After the initial conference, HSR2020 planners will arrange for a series of fortnightly parallel sessions to promote and facilitate exchange and community building around the symposium sub-themes. This second phase will take place between November 25, 2020 – March 2021, and will feature an oral presentation of the formative work done in preparation of the 10 TIPs on Implementation Research for Decision Makers in Low and Middle-income Countries: a series of briefs designed to provide clear guidance for local health decision makers on how and when to conduct implementation research.

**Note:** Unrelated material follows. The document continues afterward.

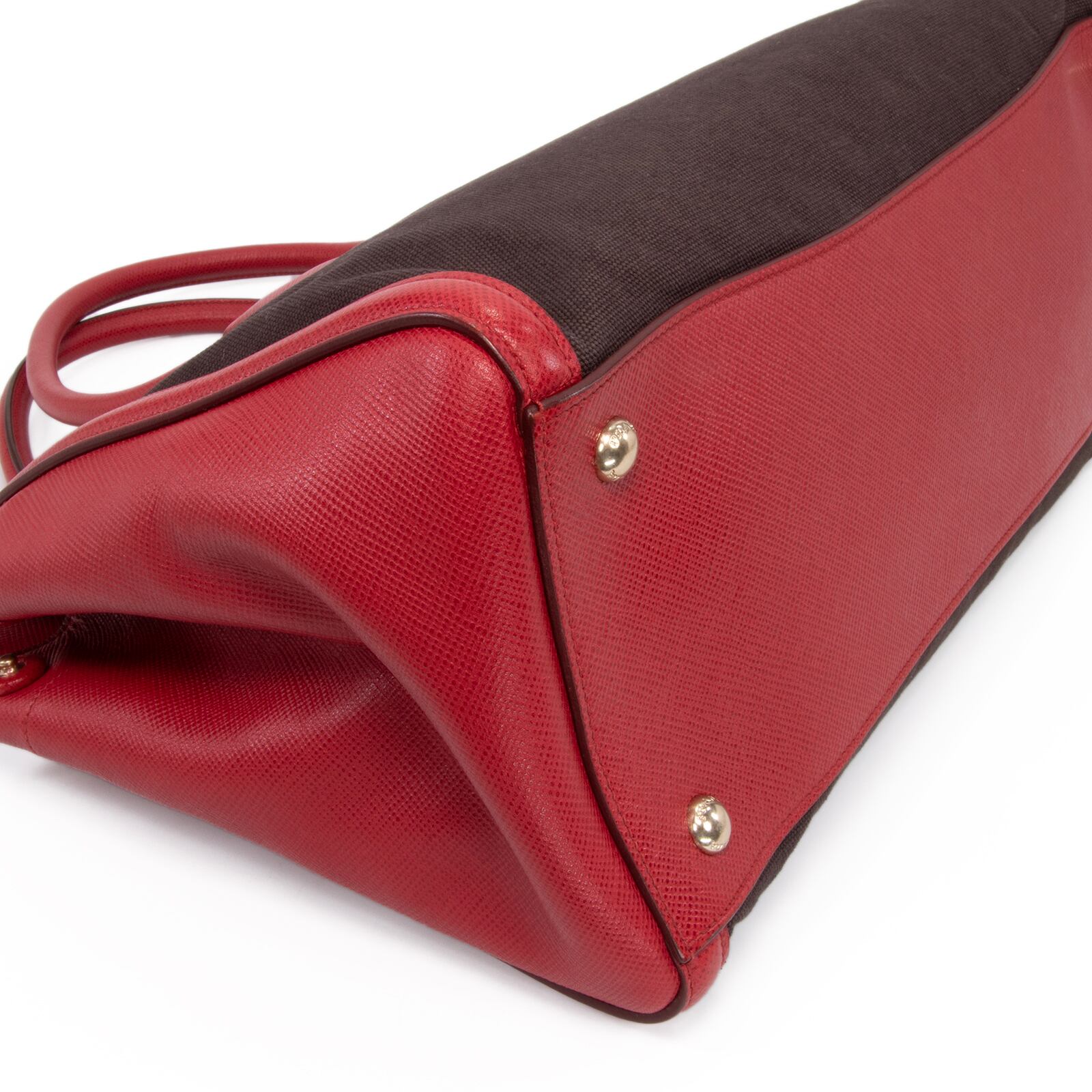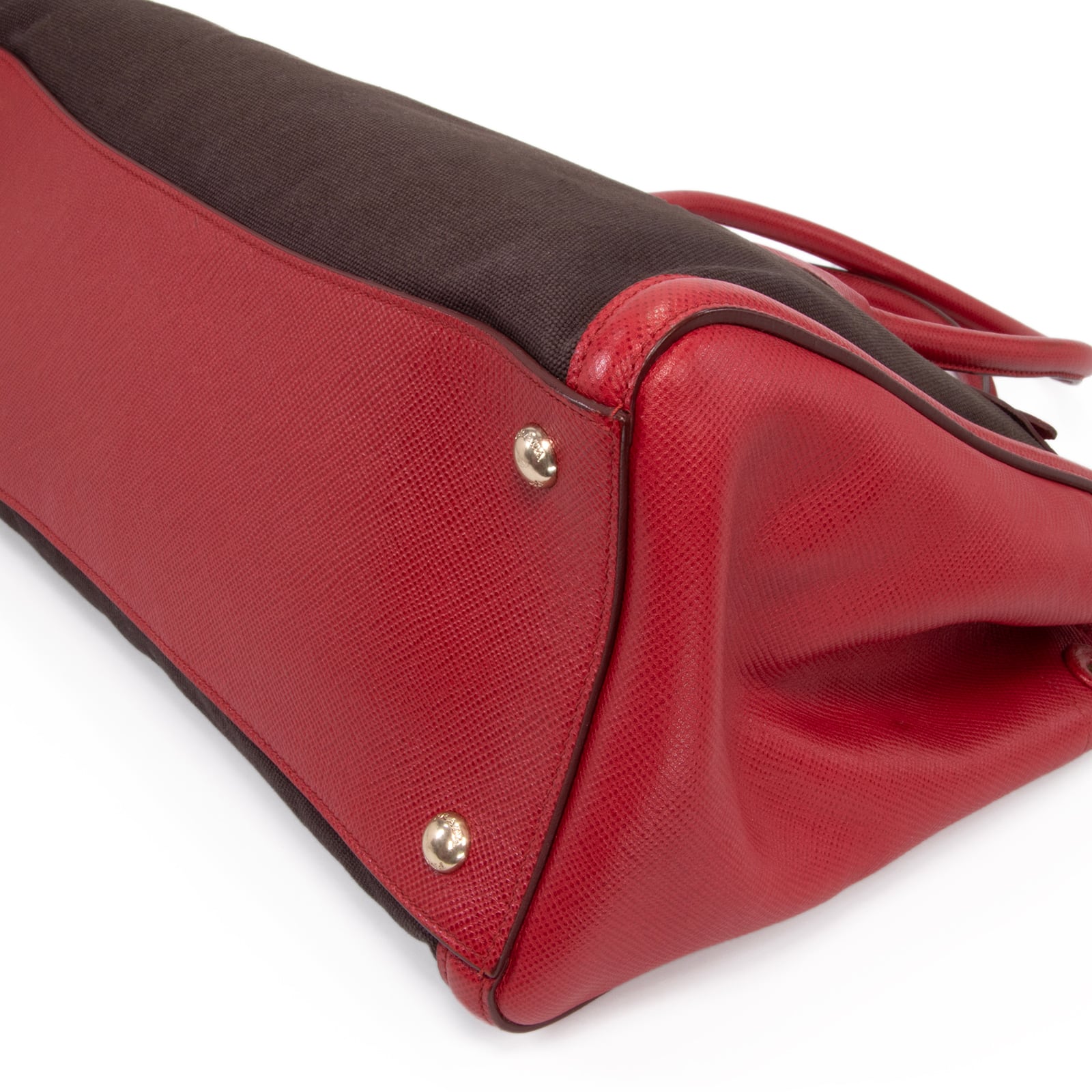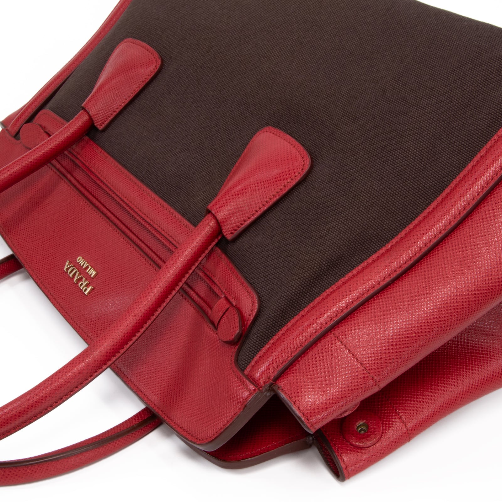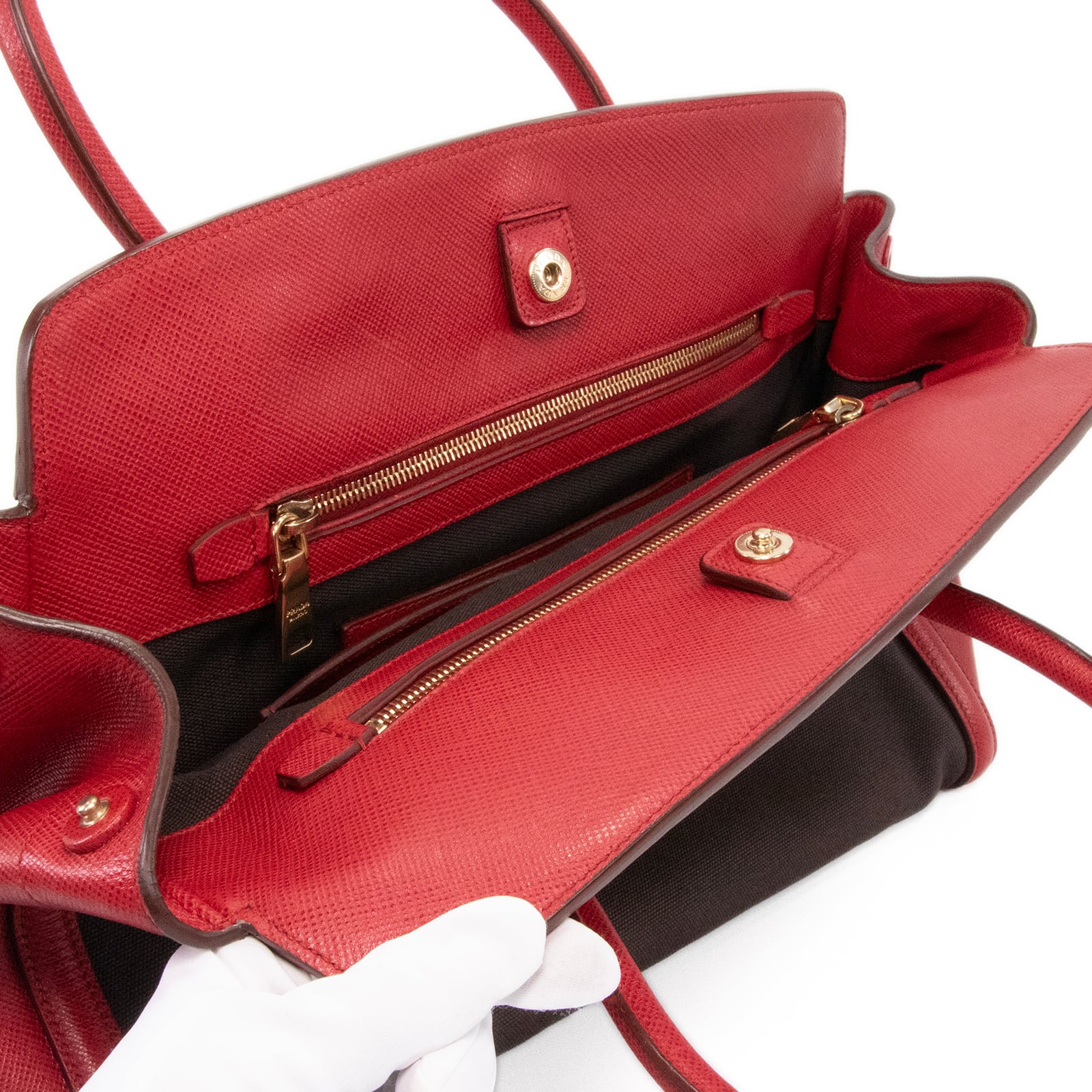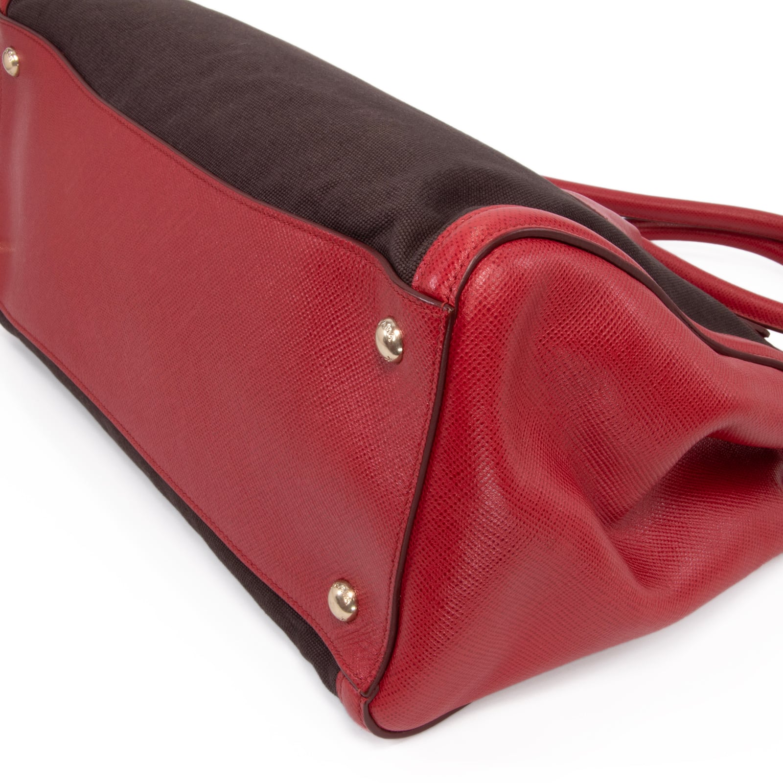 本物 送料無料 プラダ ハンドバッグ メンズ レディース サフィアーノレザー カナパ 赤 レッド ダークグレー 大きめ ロゴ 革 鞄 バック F292

Stakeholder voices: Strengthening national-level stewardship of implementation research in low- and middle- income countries (Sara Sulzbach, USAID, and Monica Fox, Social Solutions International/CIRCLE Project)
Phase 2, Oral Presentation.
USAID is developing a set of tools designed to strengthen policy makers’ and health managers’ leadership and participation in the design and use of implementation research (IR) to strengthen MNCH program implementation. Other IR guidance documents have typically been written for researchers, focusing mainly on research methodology and analysis rather than practical and easily accessible guidance. This presentation will focus on a series of interviews conducted with key stakeholders to inform the development of materials and ensure that we develop resources that are responsive to country-level needs. The materials being developed TIPs on Implementation Research for Decision Makers in Low- and Middle-Income Countries are available now at harpnet.org.